Extracted data entries:
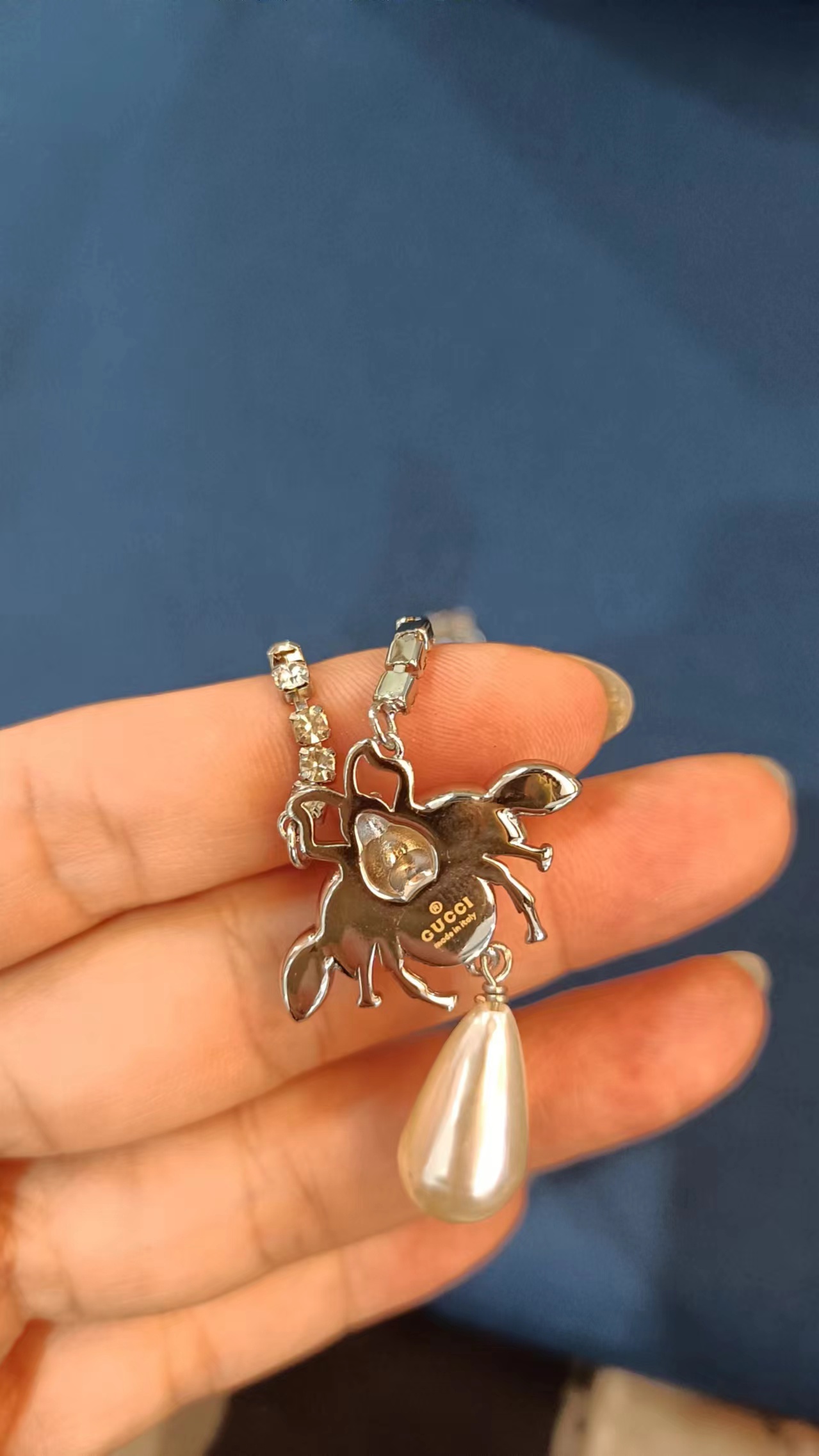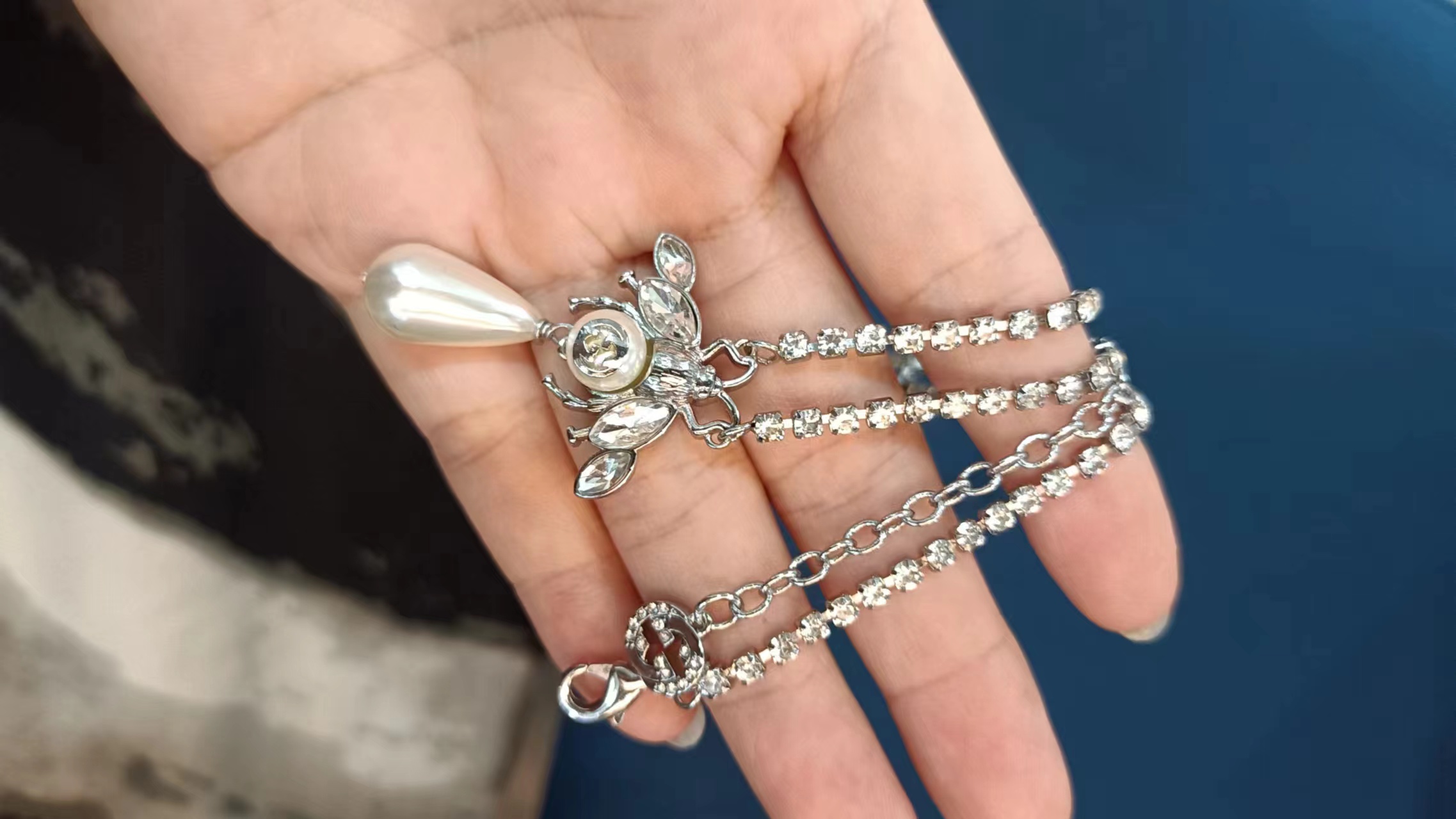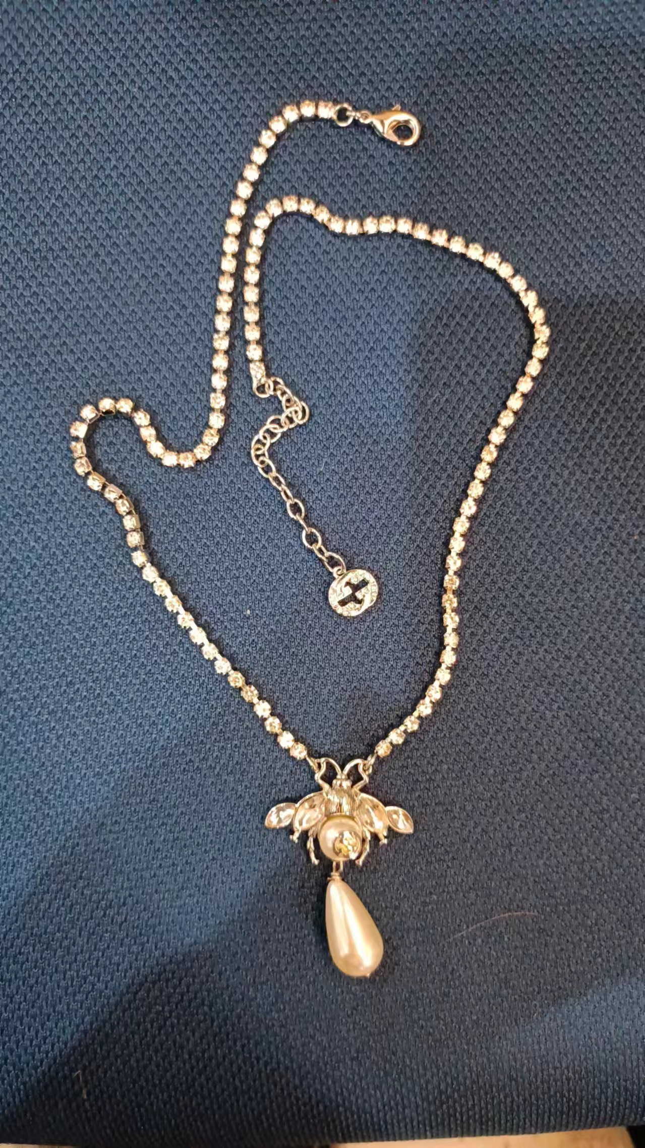 Gucci crystal diamond chain with bee pearl pendant necklace
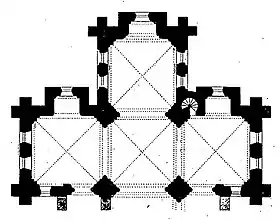 C'est une église a un plan en forme de croix latine avec un sanctuaire carré terminé par une abside ou édicule carrée.
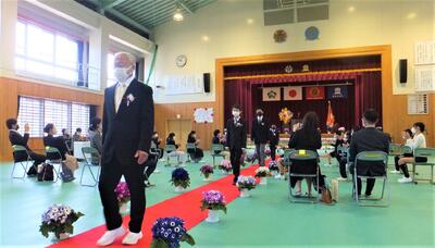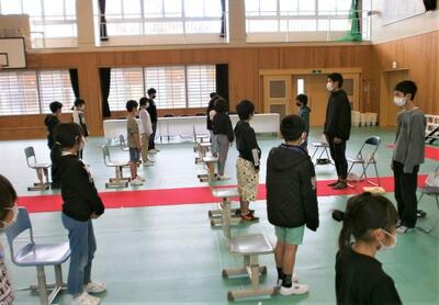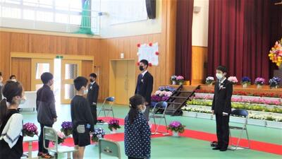 西岳小学校を去られる3人の先生方との離任式を行いました。
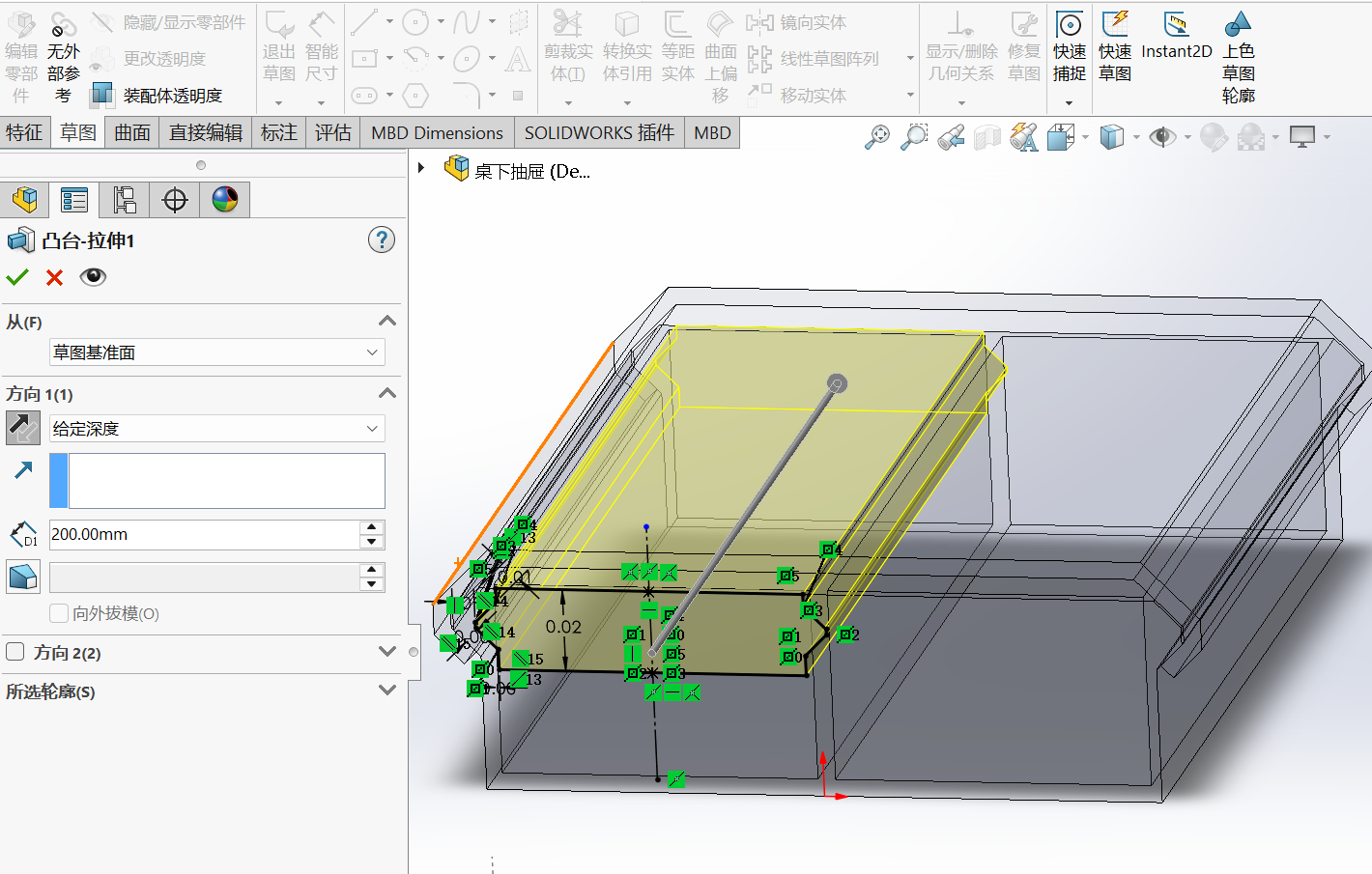特征面板,选择拉伸凸台\基体。设置为给定深度,200mm。
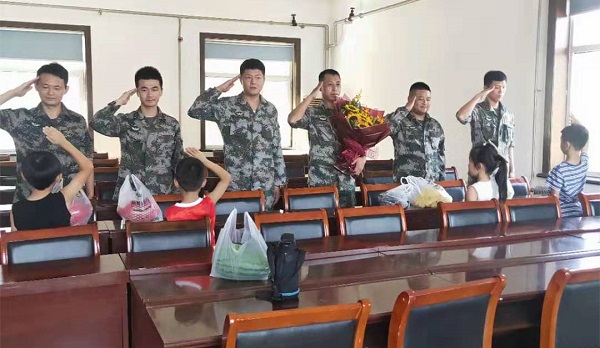 天健网消息(林春 记者 韩晓菲)军爱民,民拥军,军民鱼水一家亲。炎热的天气也没能阻挡住小学生拥军的脚步,8月1日,沙河口区东北路小学一年级的小同学在班主任老师的带领下,一大早来到海防某旅勤务运输连,向连队解放军叔叔们送上节日的慰问,与解放军叔叔们一起过了一个有意义的建军节。当天,在天兴社区老师的带领下,另一批小学生来到了居住在这个社区的退伍老军人张成清爷爷的家里。
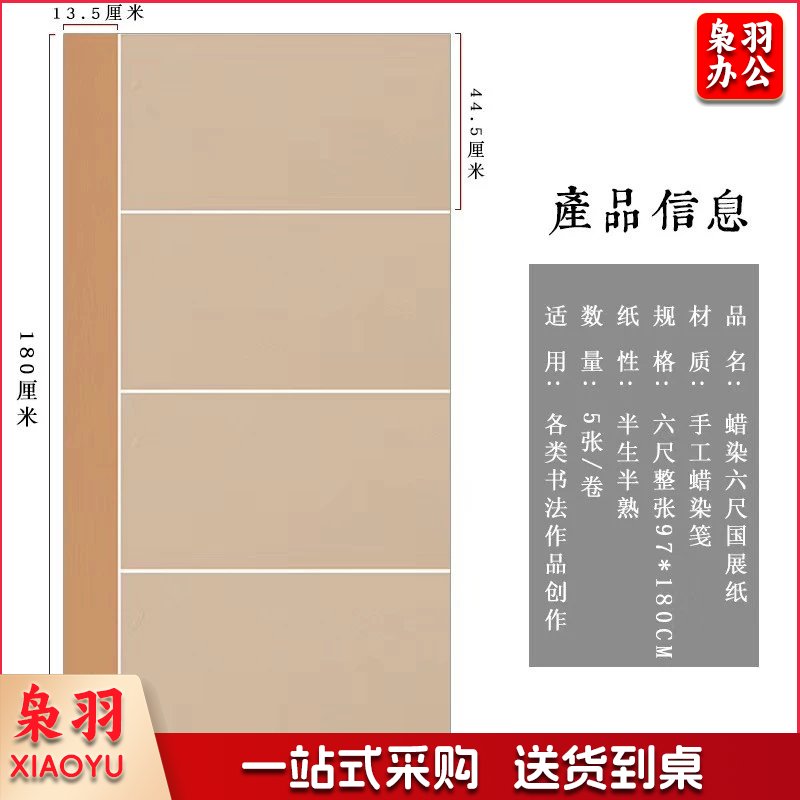 仿古复古宣纸(米黄色97*180cm)5张/包 蜡染笺六尺整张国展半生熟宣纸毛笔书法作品创作专用宣纸一包
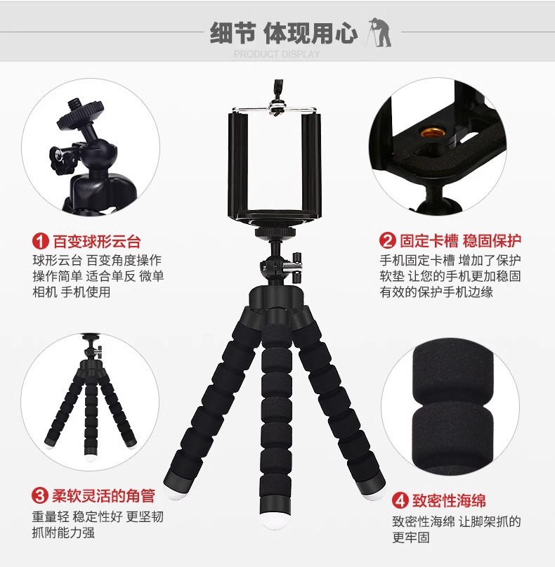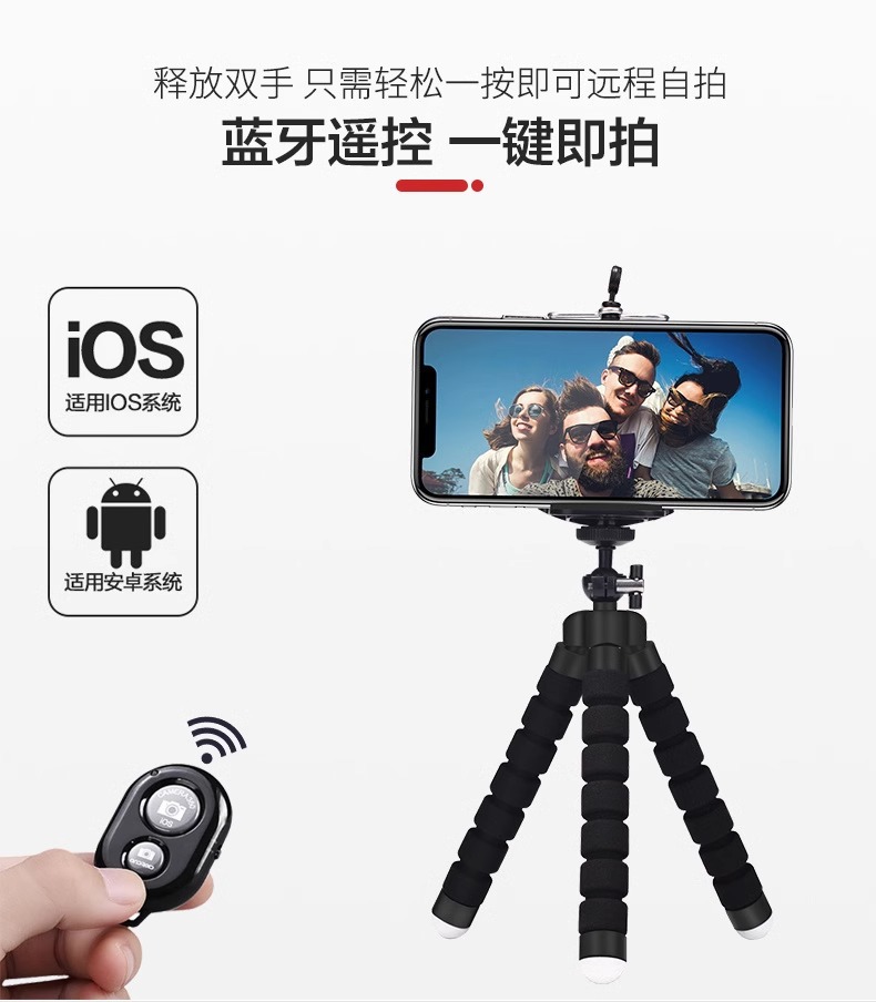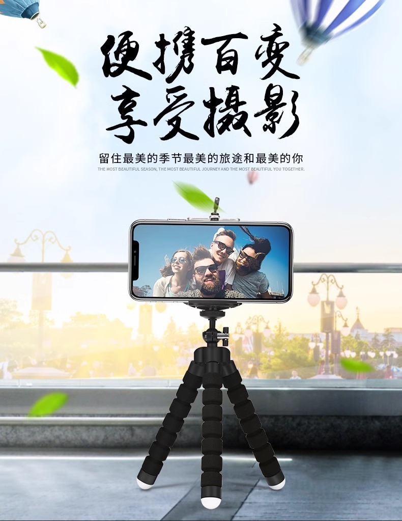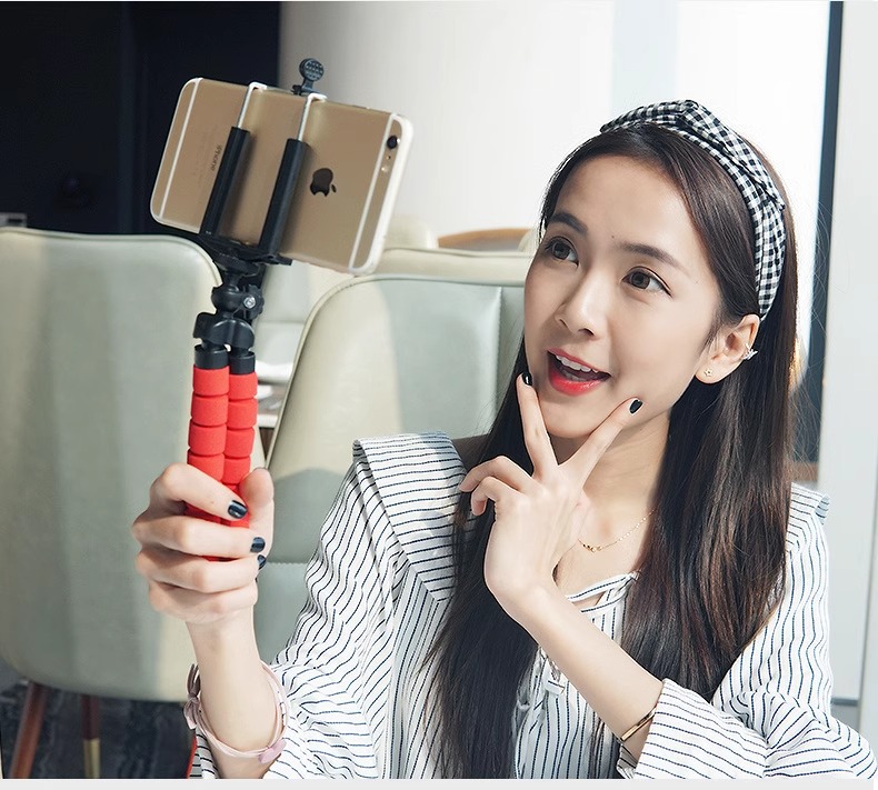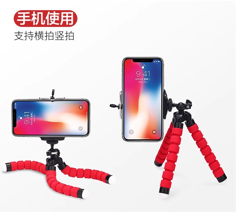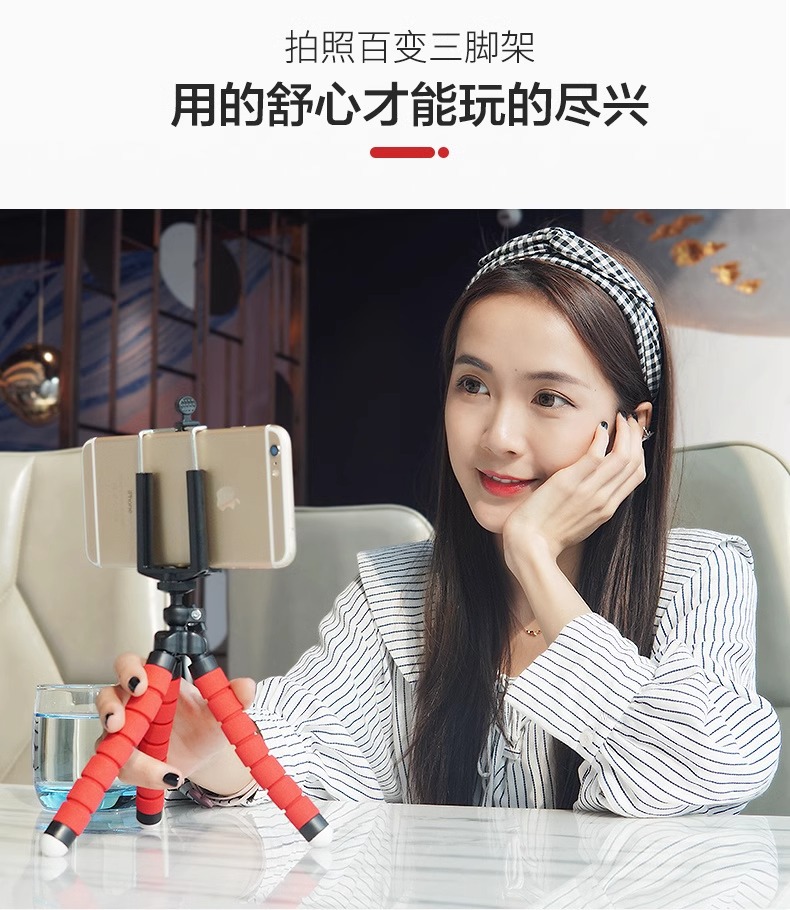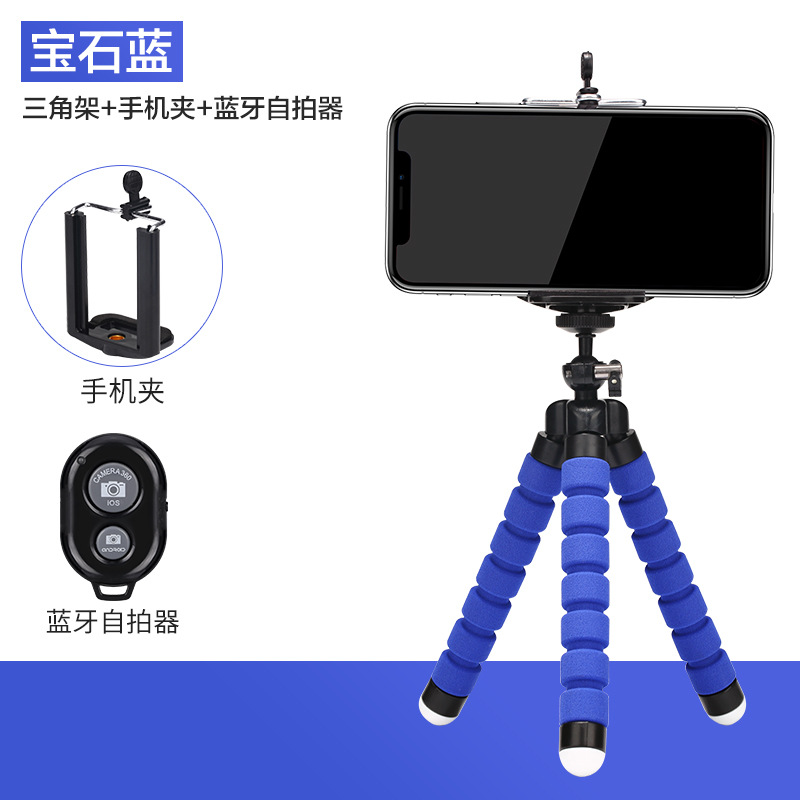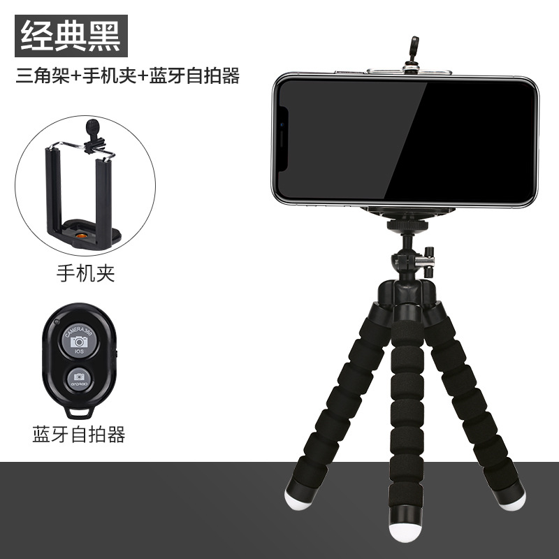 가변 휴대용 다기능 문어 휴대 전화 스탠드 데스크탑 라이브 방송 원격 제어 스폰지 문어 삼각대스토어 가기

> _Directions_:
Give every entry again as it is, dropping its pictures.

> _Result below_:
 Gucci crystal diamond chain with bee pearl pendant necklace
 C'est une église a un plan en forme de croix latine avec un sanctuaire carré terminé par une abside ou édicule carrée.
 西岳小学校を去られる3人の先生方との離任式を行いました。
特征面板,选择拉伸凸台\基体。设置为给定深度,200mm。
 天健网消息(林春 记者 韩晓菲)军爱民,民拥军,军民鱼水一家亲。炎热的天气也没能阻挡住小学生拥军的脚步,8月1日,沙河口区东北路小学一年级的小同学在班主任老师的带领下,一大早来到海防某旅勤务运输连,向连队解放军叔叔们送上节日的慰问,与解放军叔叔们一起过了一个有意义的建军节。当天,在天兴社区老师的带领下,另一批小学生来到了居住在这个社区的退伍老军人张成清爷爷的家里。
 仿古复古宣纸(米黄色97*180cm)5张/包 蜡染笺六尺整张国展半生熟宣纸毛笔书法作品创作专用宣纸一包
 가변 휴대용 다기능 문어 휴대 전화 스탠드 데스크탑 라이브 방송 원격 제어 스폰지 문어 삼각대스토어 가기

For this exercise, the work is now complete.